◆ **Task description**: Could you return all of the entries word for word, minus any pictures?

Dataset entries:

-=-=-

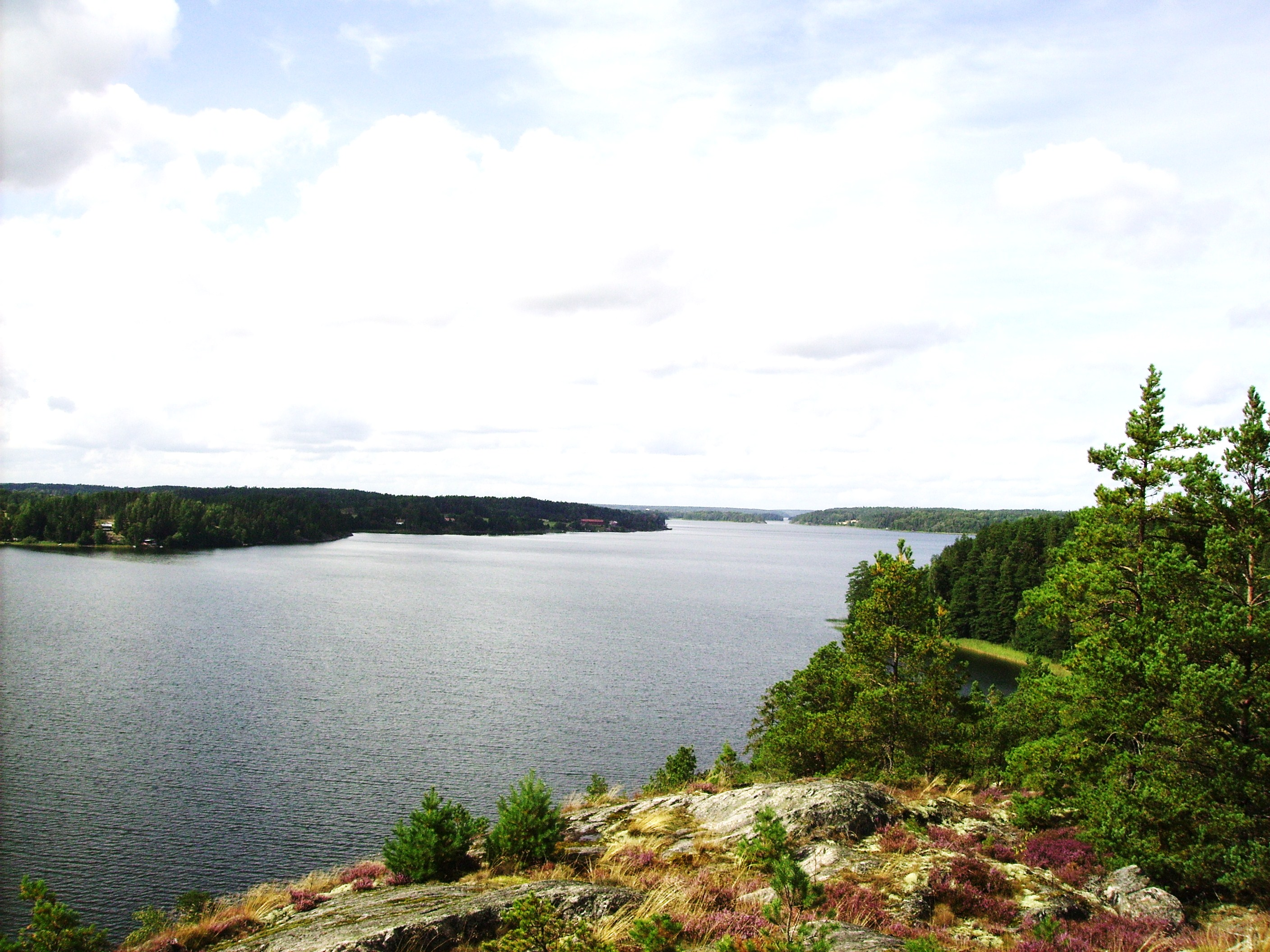 Picture of lake Klämmingen in Gnesta, Södermanland
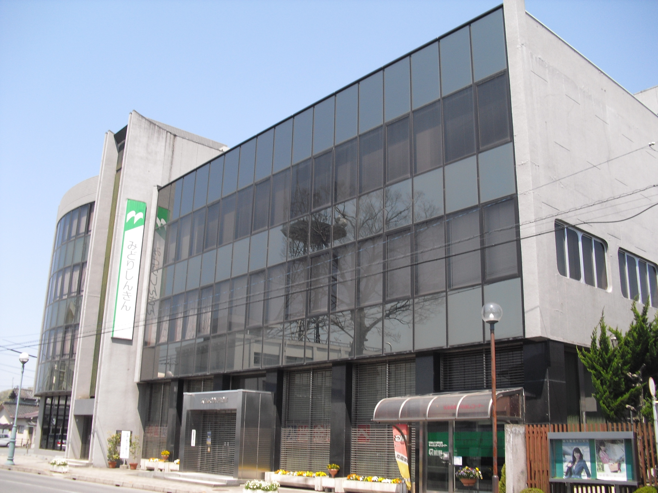 Hiroshima Midori shinkin bank
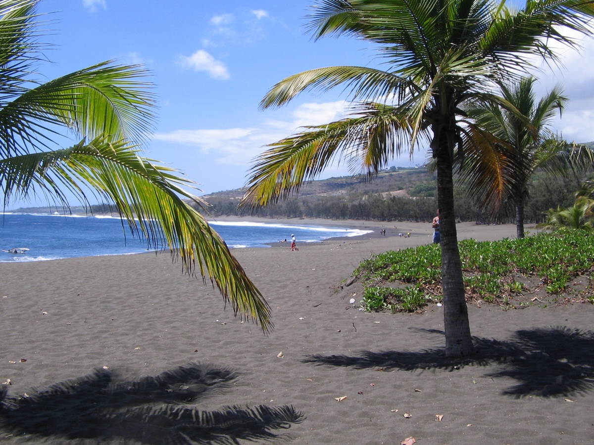 Beach of l'Etang-Salé-les-Bains, Reunion Island
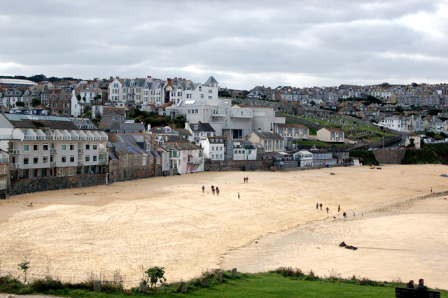 Looking west across Porthmeor beach towards Tate St Ives
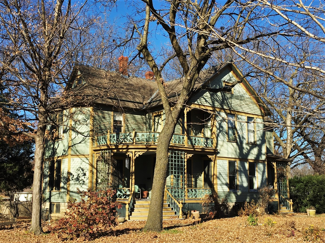 James and Ella Truitt House Site is set well off the street; this is a telephoto view.
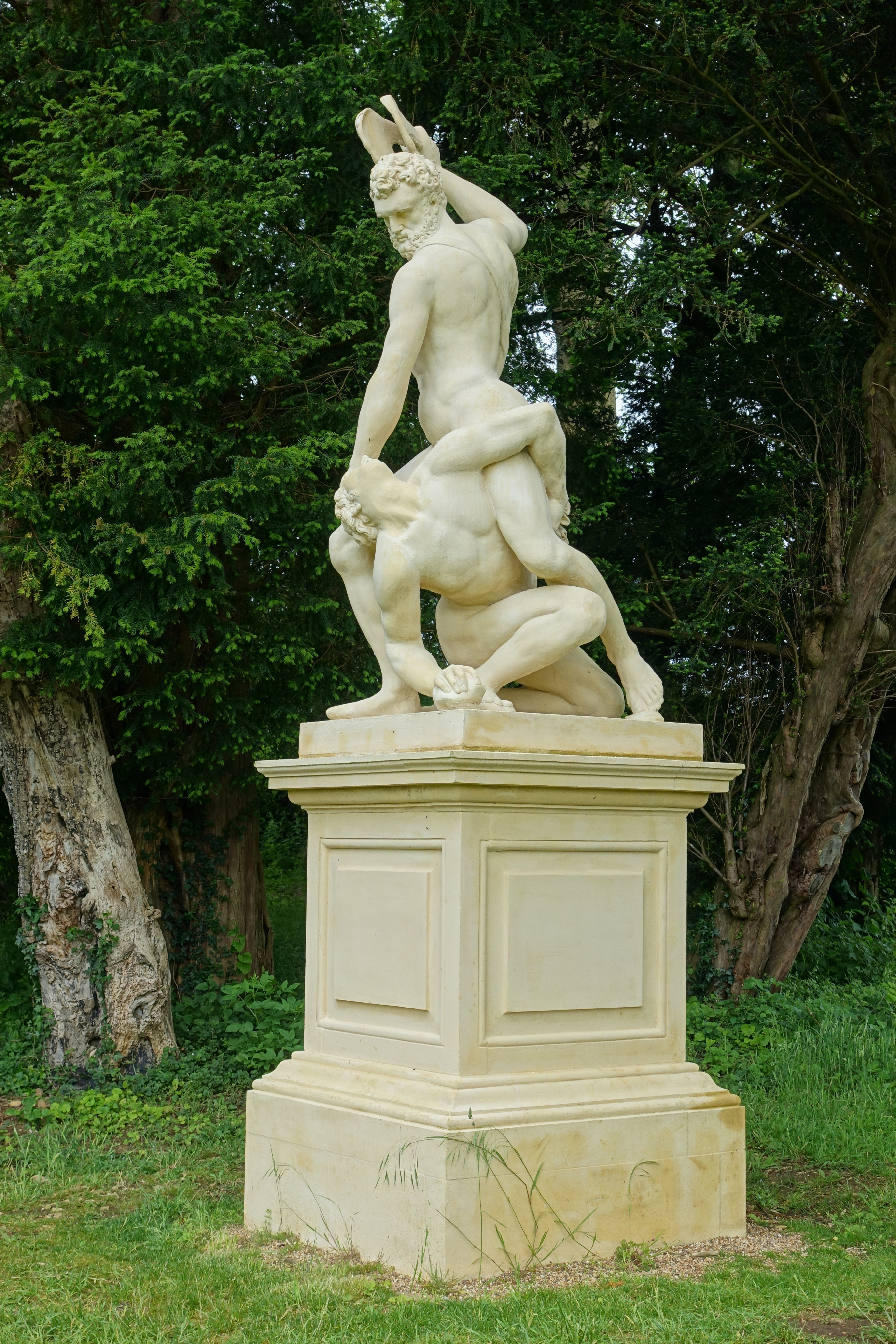 Stowe Gardens - Buckinghamshire, England.
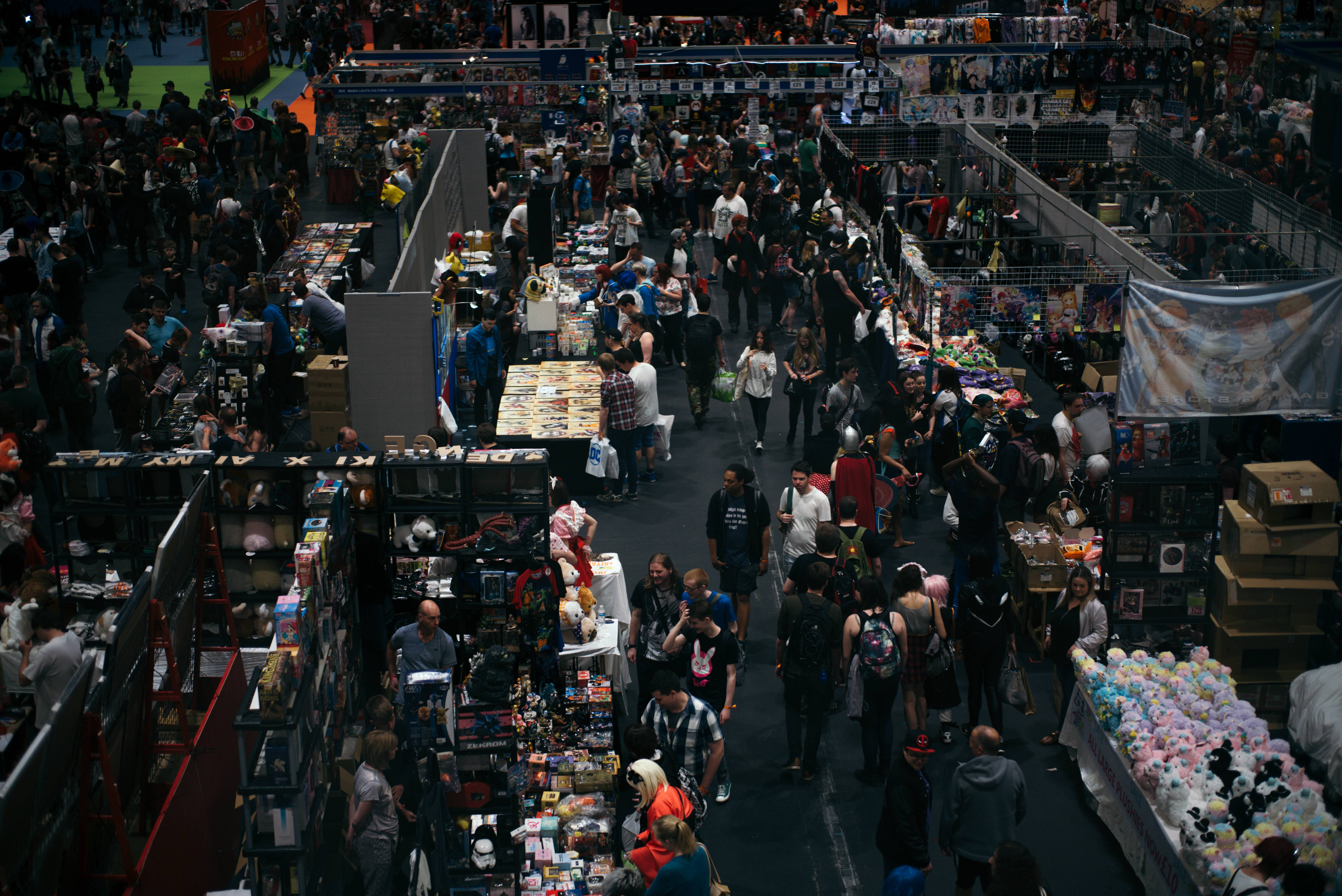 Birds eye view of guests at MCM London Comic Con, at the Excel Centre London, May 2017
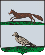 Birsk (Bashkortostan), coat of arms (1782)
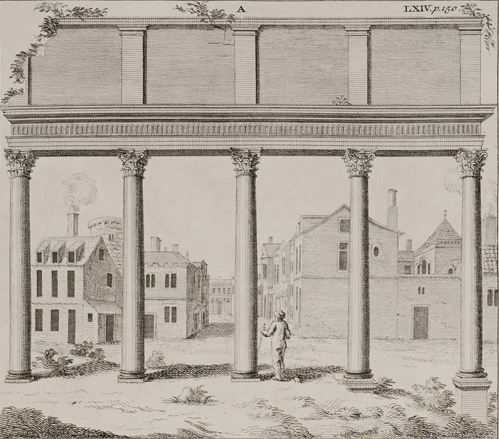 Richard Pococke. A Description of the East, and some other Countries, London, W. Bowyer, MDCCXLV (1743-1745)
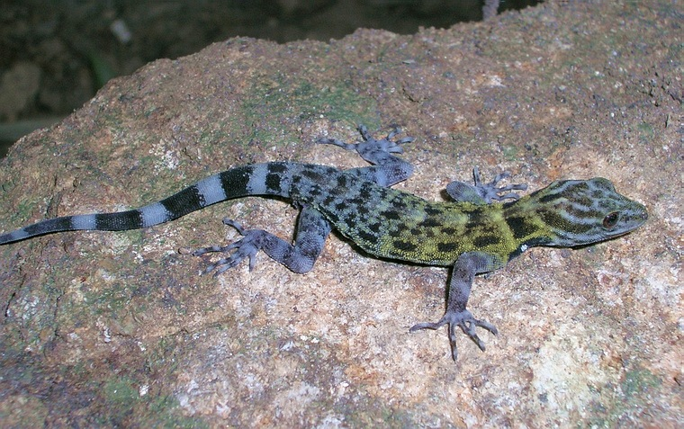 An unidentified Cnemaspis sp of day-geckos from Dharbhakulam range of Shendurney Wildlife Sanctuary, Kerala, India.

-=-=-

◆ **Answer section**:
 Picture of lake Klämmingen in Gnesta, Södermanland
 Hiroshima Midori shinkin bank
 Beach of l'Etang-Salé-les-Bains, Reunion Island
 Looking west across Porthmeor beach towards Tate St Ives
 James and Ella Truitt House Site is set well off the street; this is a telephoto view.
 Stowe Gardens - Buckinghamshire, England.
 Birds eye view of guests at MCM London Comic Con, at the Excel Centre London, May 2017
 Birsk (Bashkortostan), coat of arms (1782)
 Richard Pococke. A Description of the East, and some other Countries, London, W. Bowyer, MDCCXLV (1743-1745)
 An unidentified Cnemaspis sp of day-geckos from Dharbhakulam range of Shendurney Wildlife Sanctuary, Kerala, India.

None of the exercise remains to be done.